Grotesque

05/01/2010 at 9:25 pm (Words) (, )

“I suppose, Watson, we must look upon you as a man of letters,” said he. “How do you define the word ‘grotesque’?”

“Strange–remarkable,” I suggested.

He shook his head at my definition.

“There is surely something more than that,” said he; “some underlying suggestion of the tragic and the terrible. If you cast your mind back to some of those narratives with which you have afflicted a long-suffering public, you will recognize how often the grotesque has deepened into the criminal. Think of that little affair of the red-headed men. That was grotesque enough in the outset, and yet it ended in a desperate attempt at robbery. Or, again, there was that most grotesque affair of the five orange pips, which let straight to a murderous conspiracy. The word puts me on the alert.”

– Sir Arthur Conan Doyle –

What is the word stands out the most in above excerpt? It was the first time I came across it. The reason it fascinates me is, it sounds exactly like it’s meaning. But it’s only today I really searched for it’s meaning.

It was interesting to learn that grotesque is from ancient Rome – an ornamental style. The word has the Latin root grotto, which means cave. But it was actually used to refer to rooms and corridors of  Domus Aurea, Nero‘s unfinished palace.

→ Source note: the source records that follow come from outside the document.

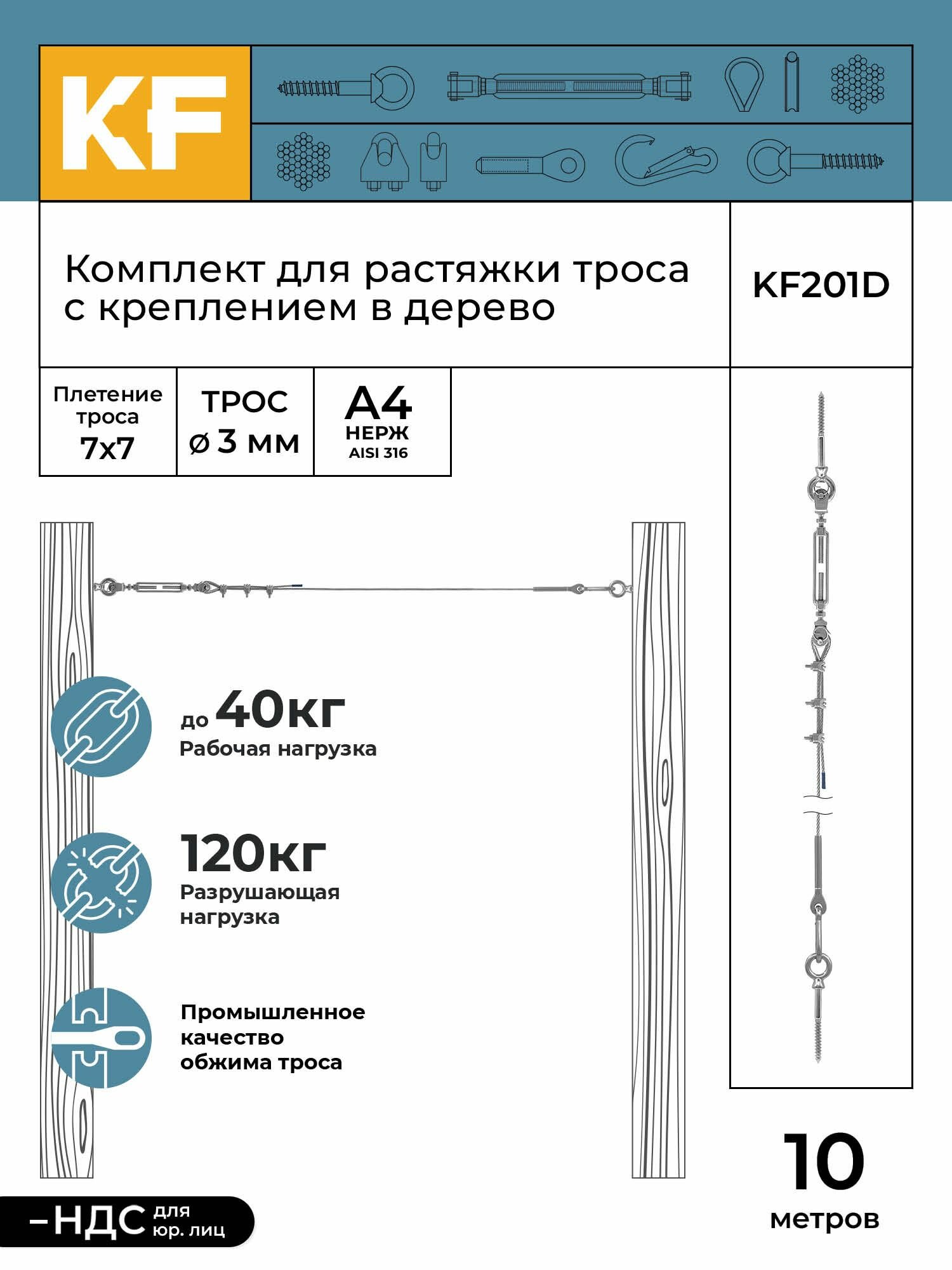 Комплект для растяжки троса с креплением в дерево KREPFIELD KF201D 10 метров: сравнение цен, характеристики, фото, актуальное наличие и цены.
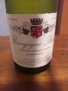 ブルゴーニュ・ブラン[2008]/ドメーヌ・イヴ・ボワイエ・マルトノACブルゴーニュ・ブラン。特に好きなのはルフレーヴ、ルーロ、そしてこのイヴ・ボワイエ・マルトノです。特にこのマルトノは、他の二つに比べて、グッと安いのが嬉しいです。この2008年も2,000円台半ばです。最近、2009年を入手したので、1年寝かせたこれを抜栓することにしました。そうそう、10月の終わりには、これの一つ上のクラスの村名ムルソーを開けています。毎ヴィンテージ思うのですが、このブルゴーニュ・ブランもよくできたムルソーに匹敵する味わいだと思います。今回は最初の一口から、だいぶ開き始めた印象です。うまく言えないのですが、熟した柑橘と、もっとファットな果実味を持ったフルーツが上手に同居している感じ。きれいなミネラルの背骨がスーッと通っているのが、何とも好ましいです!飲み進めると、さらにだんだんと開いていきます。いかん、1本空にしそうです!週の前半です。何とか8合目で踏みとどまりました。これ以上飲むと、ZZZは確実です。バキュバンしましたが、悲しいのは明日もあさっても夜は外食、なんですよね……。このワイン、前日のM.グロのオート・コートと同様、クラスとしては下位のワインなのですが、こちらにはそうとは思えない、ちょっとしたスケール感があります。よくよく飲めば、もちろん上のクラスに比べると細く、雑味もあるのでしょうが、それをあまり感じさせない造りが見事です。やはり毎ヴィンテージ追いかけたいな、と改めて思いました。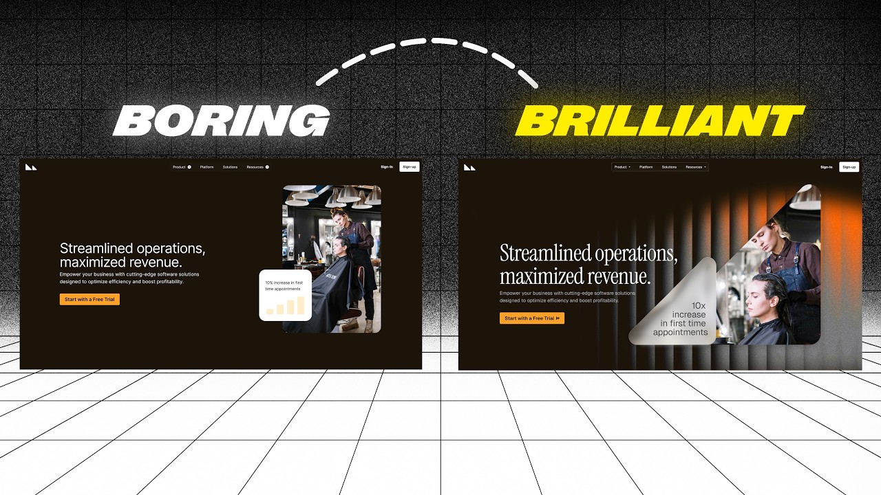 I share six simple design techniques you can apply right away to make websites more visually compelling and effective: improve typography by choosing an anchor headline font and pairing it with contrasting supporting fonts (using resources like Fonts In Use); add a “star of the show” element that connects to the site’s story rather than just looking cool; use visual rhyming to repeat small details (shapes, gradients, motifs) for cohesion; add subtle depth with textures, noise, and glass effects without competing with the star; create clearer hierarchy with varying text opacity levels; and push past your first idea by making radically different design variations to find the best version.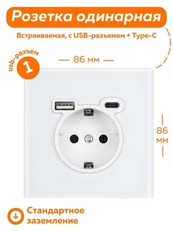 Розетка одинарная с usb и type-c белая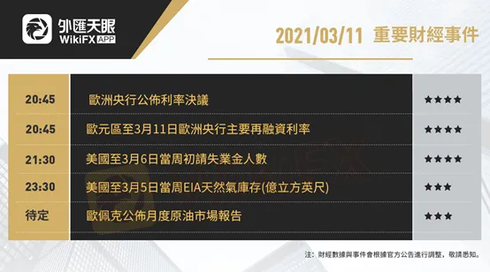 以下為3月11日(周四)重要財經事件,更多資訊,請關注外匯天眼APP或官方網站!
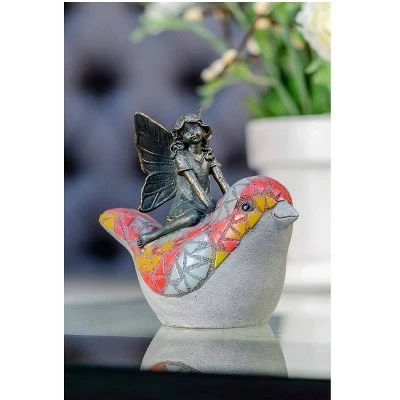 - FAIRY STATUE WITH LED LIT MOSAIC BIRD: Decorate your home or garden and give it a peaceful touch with this statue of a fairy sitting atop a mosaic bird and enjoy the colorful glow it gives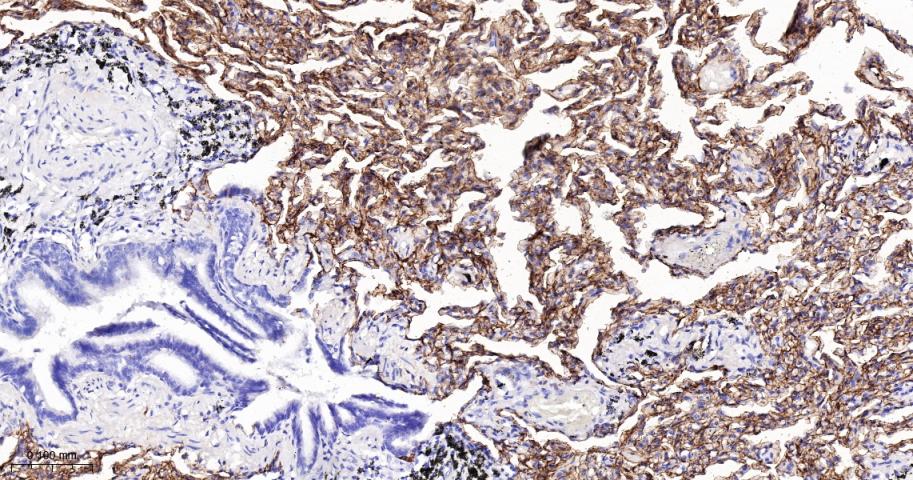 Paraformaldehyde-fixed, paraffin embedded Human Lung; Antigen retrieval by boiling in sodium citrate buffer (pH6.0) for 15 min; The section was incubated with RAGE Monoclonal Antibody, Unconjugated (bsm-52809R) at 1:200 overnight at 4°C, followed by conjugation to the bs-0295G-HRP and DAB (C-0010) staining.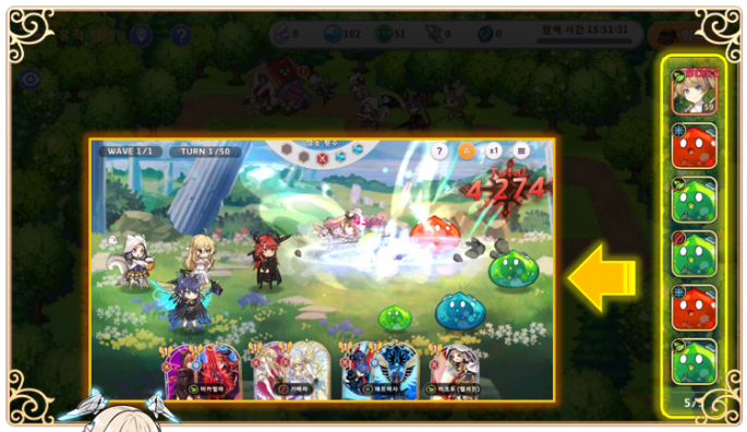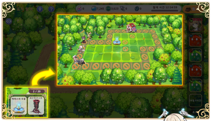 숲 속 오두막을 누르면 탐색 보너스 팀을 편성할 수 있습니다. 각 편성에는 추천 편성이 있는데, 추천 사항들을 잘 참고하면 추가 탐색 능력을 얻을 수 있답니다.

So in the end grotesques became intertwined with all forms of arts. Have you seen those weird statues on gothic (and also some not-so-gothic) buildings? I thought those were called gargoyles. Apparently, they’re called gargoyles only when they act as water sprouts. If not they’re grotesques or chimeras.

Like in Sherlock Holmes’s adventure, grotesque characters appear in literature too. According to Wikipedia, a grotesque character invokes in a reader both disgust and empathy, the given examples include Quasimodo (The Hunchback of Notre Dame) and Beast form Beauty and the Beast.

Ok, I can’t bear to call Quasi a grotesque, but it explains things perfectly.

Added to these there’s also movies, music groups, an X Files episode, a chess problem and also a sans-serif typeface named grotesque.